# Holiday in July



## Anonymous (Nov 10, 2000)

We are planning a trip to France during July, I am on holiday from the 9th July until the 27th.
We would like to stay at camp site in France using the C&CC Carefree booking, we are planning to stay there for 7 nights (Inclusive holiday).
The camp is L'Etang des Haizes in Lower Normandy, has got swimming pool/slides for our son.
We are not sure what to do with the rest of the time, we live in Yorkshire, so were planning on taking a couple of days getting down south for the ferries and likewise on the return. We are not sure whether to spend rest of time in France or UK, have never toured/camped abroad before!
Would it be easy for us to just tour around and find sites as we need them or is that difficult in July? Do not want to wild camp, wife is a bit nervous, maybe when we are more experienced.
Any advice/suggestions most welcome


----------



## 92046 (May 1, 2005)

Hi Chris

The first time i went to France, i booked (1999, 6weeks) it all through the CC, and was VERY nervous :!: , but after the first day in France, found the place to be better than the UK, roads, camp sites, Motoways, etc, and have gone back every year since, only now i just GO, the only thing i book in advance is the ferry from Shetland Islands to Aberdeen, and ferry from Dover, the use of France Passion- low cost / no cost, Airs, or the small sites, if going to the holiday area's, it may be an idea to book up front, I will be away this year fo 3 to 4 months, and will not be making any bookings,

have a good time, and lots of fun  

Colin..........


----------



## Anonymous (Nov 10, 2000)

Thanks for that Colin, made us feel a little bit easier about it  

By the way, in your reply you mentioned coming from the Shetlands, some friends of ours parents moved out there a few years ago. They are called Wood, he is a retired Fire Brigade Officer and I think she was a teacher.

Thanks again, happy camping


----------



## dodger148 (May 9, 2005)

Have you booked it yet Chris,

We were there last June, the site is ok / clean etc but was quite busy (noisey) for that time of the year - a (British)Caravan Club Rally was on.

We ended up moving a bit further up to LeGrandLarge near Les Pieux which has a nice swimming pool and an adjacent large beach. The site has more modern facilities.

I cant comment on July as we tend to go in June or September but there doesnt seem to be the same problems in France over booking sites that you get here and there are loads of sites around to pick from.

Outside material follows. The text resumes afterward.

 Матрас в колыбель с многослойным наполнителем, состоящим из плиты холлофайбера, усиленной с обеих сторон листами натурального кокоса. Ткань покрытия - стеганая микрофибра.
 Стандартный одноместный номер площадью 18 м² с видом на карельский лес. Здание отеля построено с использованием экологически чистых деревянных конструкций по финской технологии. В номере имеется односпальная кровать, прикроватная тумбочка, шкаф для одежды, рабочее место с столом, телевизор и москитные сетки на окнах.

We have never had to book a site prior to arrival in France.

France loves motorhomers and you should enjoy your trip wherever you end up. The roads are good and you dont need to use the toll roads.

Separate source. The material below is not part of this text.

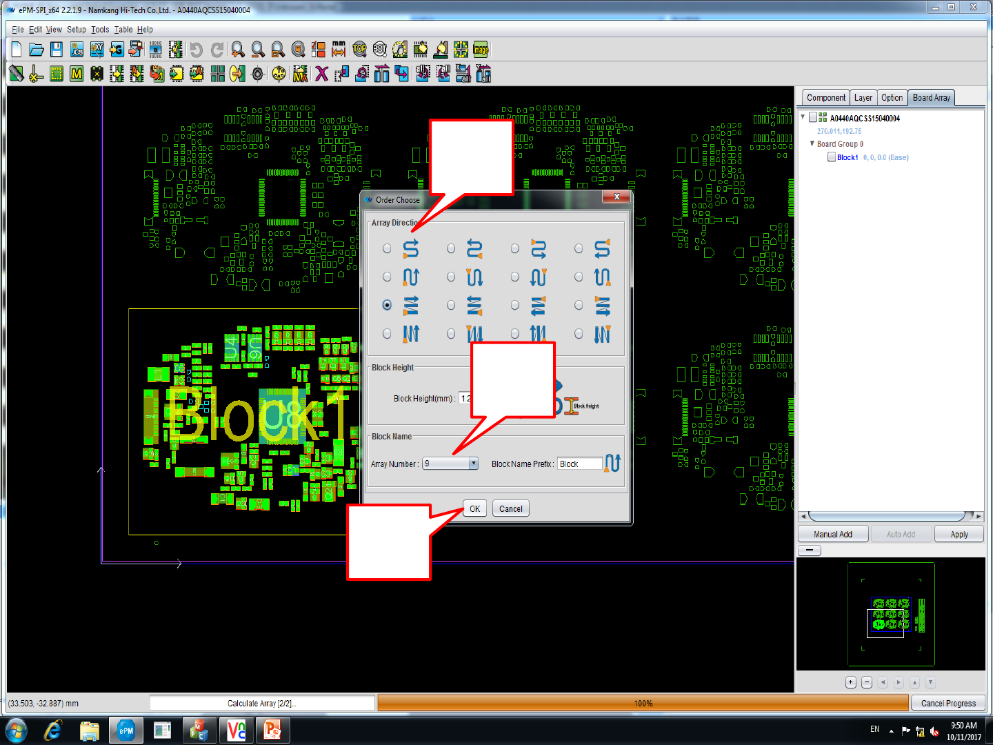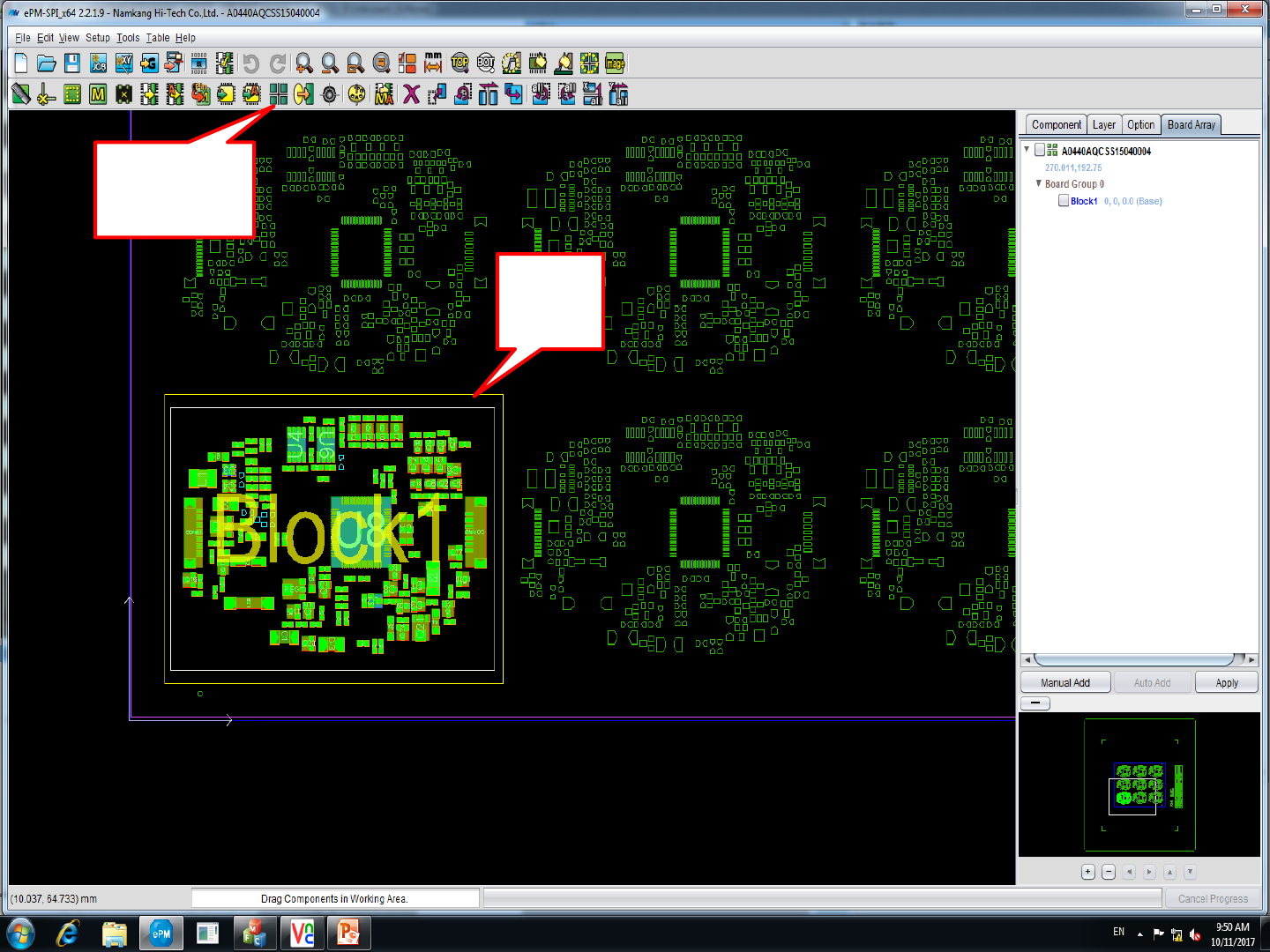 2. 框选 多一点 单板 1. 点击陈列 (连板用)

Agree with Colins comments and you will soon get the hang of it and be planning the next visit.


----------



## Texas (May 9, 2005)

We always holiday in July, we particular like the Med area. 

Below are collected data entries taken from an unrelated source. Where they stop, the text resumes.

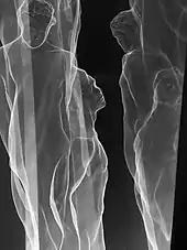 In developing Ex Nihilo—the central sculpture, by far the largest of the group—Hart studied the combination of figurative and abstract forms in Rodin’s massive sculpture, The Gates of Hell.[26][27] The final, full-size version of Ex Nihilo spans 21 feet, and stands two stories high.[2] "The spiraling forms that recur throughout Hart's Ex Nihilo suggest the spirals that are found in nature—in sunflower heads, nautiluses, hurricanes, and galaxies."[28] Hart intended the title as a double reference to Aristotle ("out of nothing nothing can be made") and the Bible ("everything is made out of nothing").[29]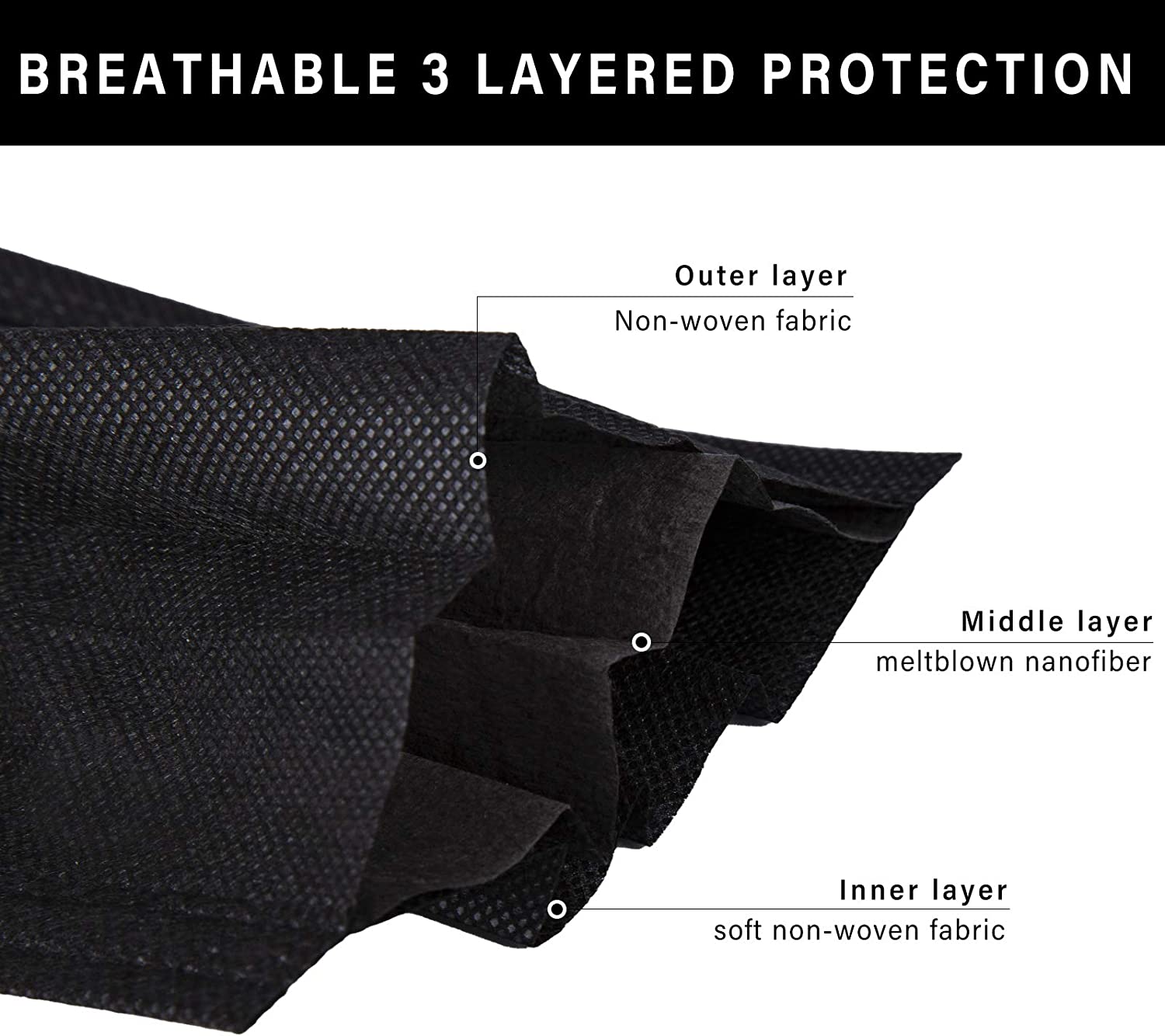 Disposable Face Mask, 100 PCS Black Masks, 3 Ply Protection Face Masks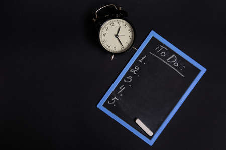 Top view of a chalk board with lettering list to do, with empty copy space and a vintage alarm clock. Isolated on black background. Planning concepts, time management, timetable and timing.

We never book and have always found somewhere with a vacant pitch. 

There are hundreds of alternative sites just outside the popular areas so you should have no trouble.

Enjoy your holiday.

Texas


----------



## Anonymous (Nov 10, 2000)

Thanks for the replies so far, we have decided not to book the site we were going to (rally one). We have found another site that does not have rallies, we will stay there for seven nights then do a bit of touring without booking.
If you get stuck trying to find a site can you use Aires?
How do Aires work, do they have restrictions to there use (arrival/departure times). 
Have downloaded the Aires sets for autoroute, couldn't believe how many there were!
Sorry to sound so dumb, completely new to this :?


----------



## Texas (May 9, 2005)

Yes you can use the Aires, the full name is 'Aire de Repose' (area of rest = rest areas) overnighting is common. There are no restrictions you simply come and go.

Look around and choose a section that is well lit but not too near the shop OR the wagon parking.

But choose a one that is NOT isolated. Most if not all aires have toilets and water availabilities.

The larger ones are equipped with restaurants, filling stations and shops.

Enjoy your holiday, remember if you are not happy with your first choice, move on...there are numerous aires on the autoroutes.

Texas


----------



## 88741 (May 9, 2005)

Hope you have read the excellent guide to Aires 6th one down under the Info and Guides on the top tool bar of this page or under Guides in the menus at the side of the page, that should help :wink:


----------



## Anonymous (Nov 10, 2000)

Thanks Helen
Have read it, very informative. We have decided not to book a site, were going to do it through C&CC but you have to spend a minimum of 7 nights on your first site.
We are going to be brave and wing it, just going to start ringing round the ferries to book that.
Cheers


----------



## Anonymous (Nov 10, 2000)

The Ferry is booked  

Got a good price too :lol:


----------



## smifee (May 17, 2005)

well done chris.

you will find everyone has a different approach to finding sites. 

when we went to france for 6 months in 2000 we took the CC european guide & alan rogers french sites guide. we were never stuck for a site.

one english couple we met didn't even do that. they drove until about 1600hrs and then followed the first campsite sign they saw. they said they were never stuck for a site either. we met them in august.

wish i was going over but have got to wait until september


----------



## WISSAGE (May 16, 2005)

Hi Chris
I think you are going Portsmouth - Le Havre. If so what time are your ferries?
You can spend the night on the terminal at Portsmouth in front or the side of the check in. They will even wake you up in the morning if you oversleep. going or coming back there is room on the port at Le Havre.
We will be late getting into Le Havre so will pull up when we get off boat and the same coming home.
Will just miss you, back by end of June
Regards
Bob


----------